Supplied material START

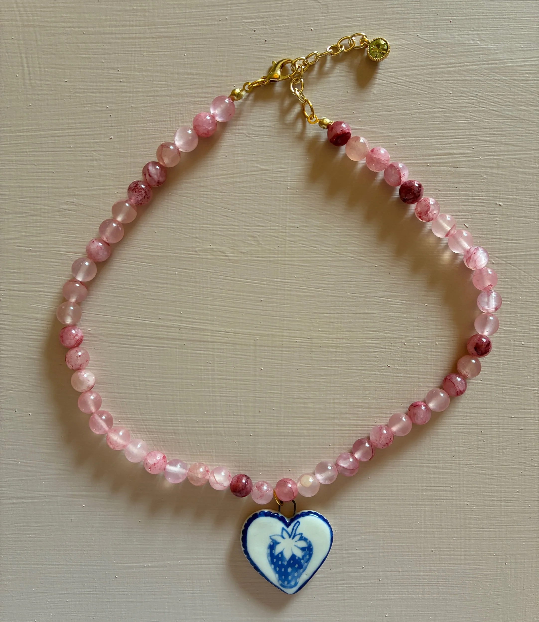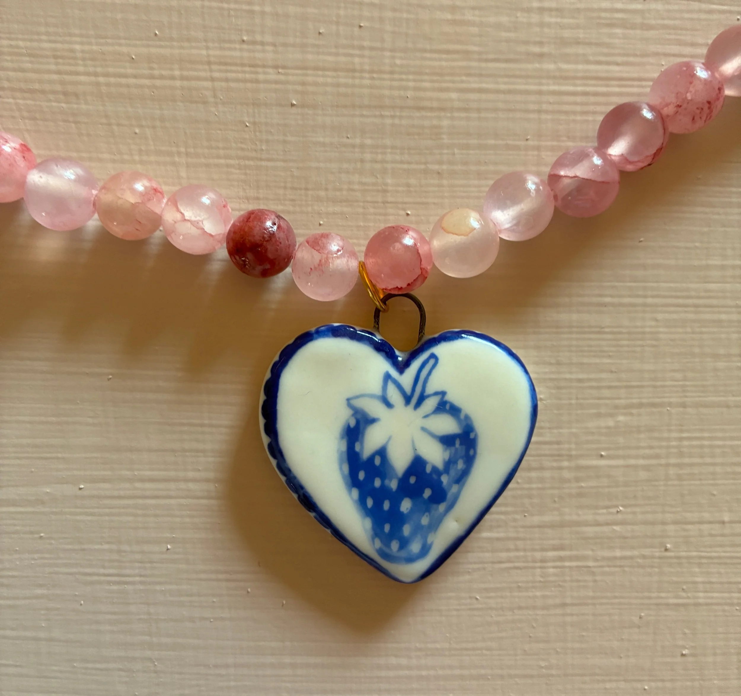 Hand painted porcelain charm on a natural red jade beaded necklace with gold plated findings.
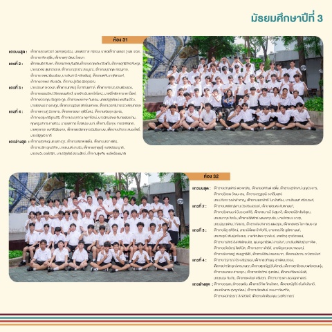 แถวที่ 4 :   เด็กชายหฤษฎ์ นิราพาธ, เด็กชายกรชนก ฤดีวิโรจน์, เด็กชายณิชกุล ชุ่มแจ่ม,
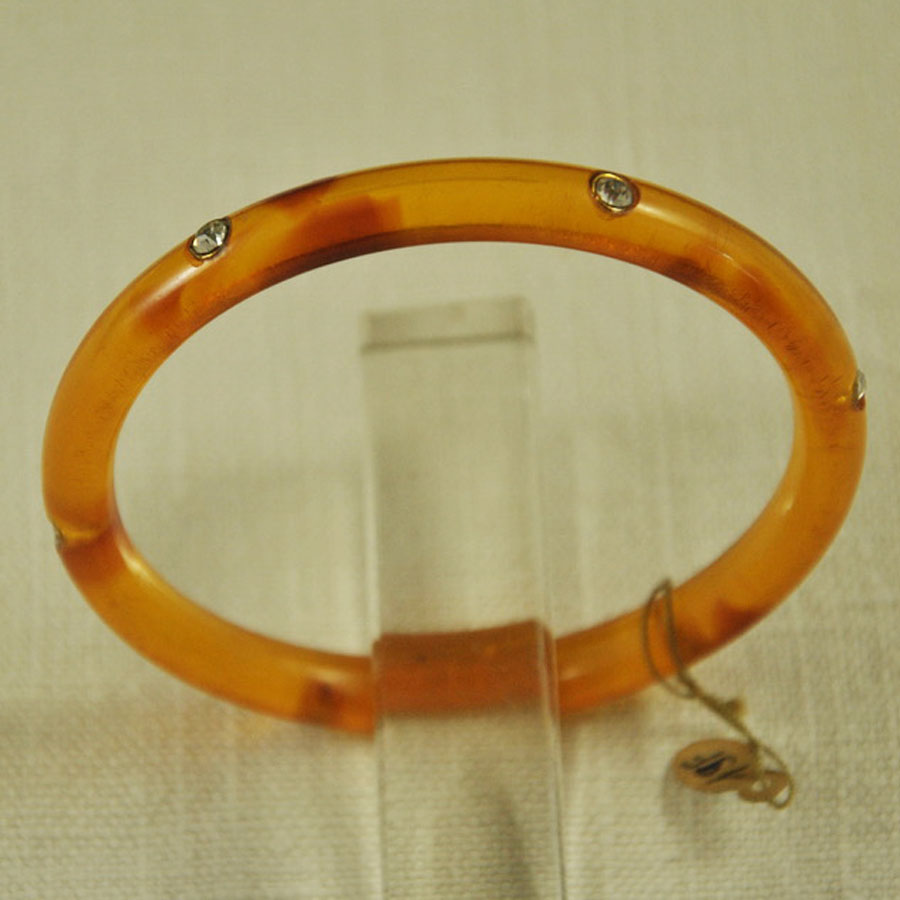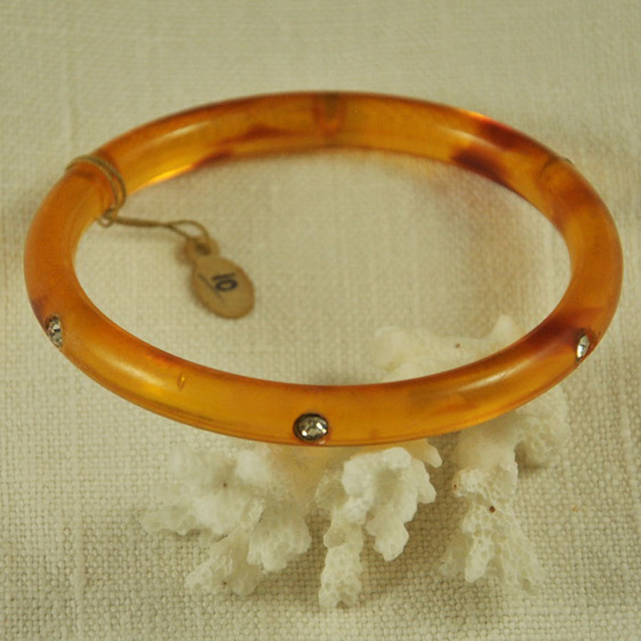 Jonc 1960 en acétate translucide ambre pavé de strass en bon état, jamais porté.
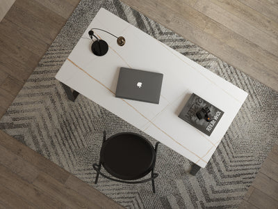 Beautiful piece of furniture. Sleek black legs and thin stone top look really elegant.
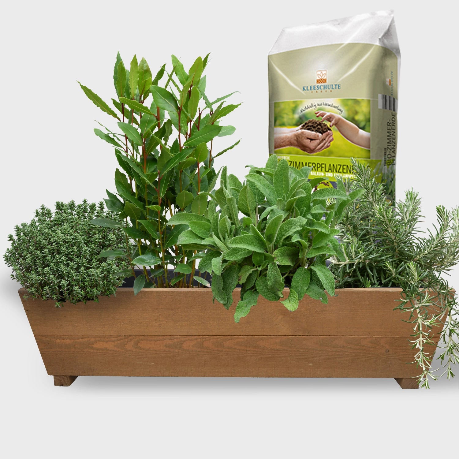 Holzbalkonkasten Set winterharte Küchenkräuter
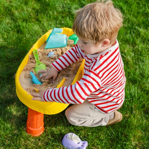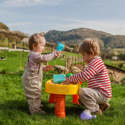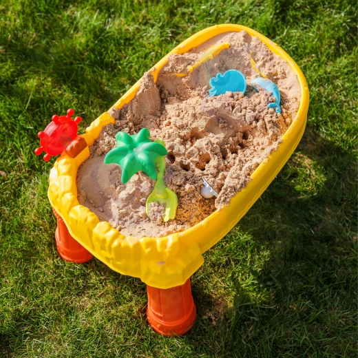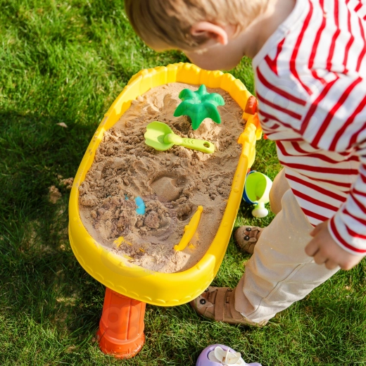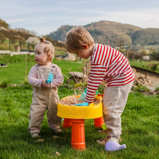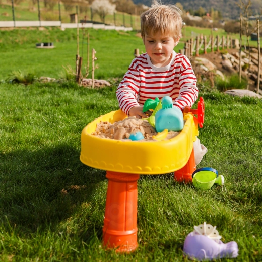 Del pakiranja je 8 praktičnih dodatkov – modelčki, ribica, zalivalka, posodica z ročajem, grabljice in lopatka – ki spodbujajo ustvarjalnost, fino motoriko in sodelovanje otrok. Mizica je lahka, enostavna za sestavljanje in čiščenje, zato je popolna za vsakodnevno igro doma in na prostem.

Supplied material END

**Assigned task**
Could you write out exactly the lines running from the one with "Beautiful piece of" through the last line of the data above, both ends kept, and omit any picture?

**Answer to the exercise**
 Beautiful piece of furniture. Sleek black legs and thin stone top look really elegant.
 Holzbalkonkasten Set winterharte Küchenkräuter
 Del pakiranja je 8 praktičnih dodatkov – modelčki, ribica, zalivalka, posodica z ročajem, grabljice in lopatka – ki spodbujajo ustvarjalnost, fino motoriko in sodelovanje otrok. Mizica je lahka, enostavna za sestavljanje in čiščenje, zato je popolna za vsakodnevno igro doma in na prostem.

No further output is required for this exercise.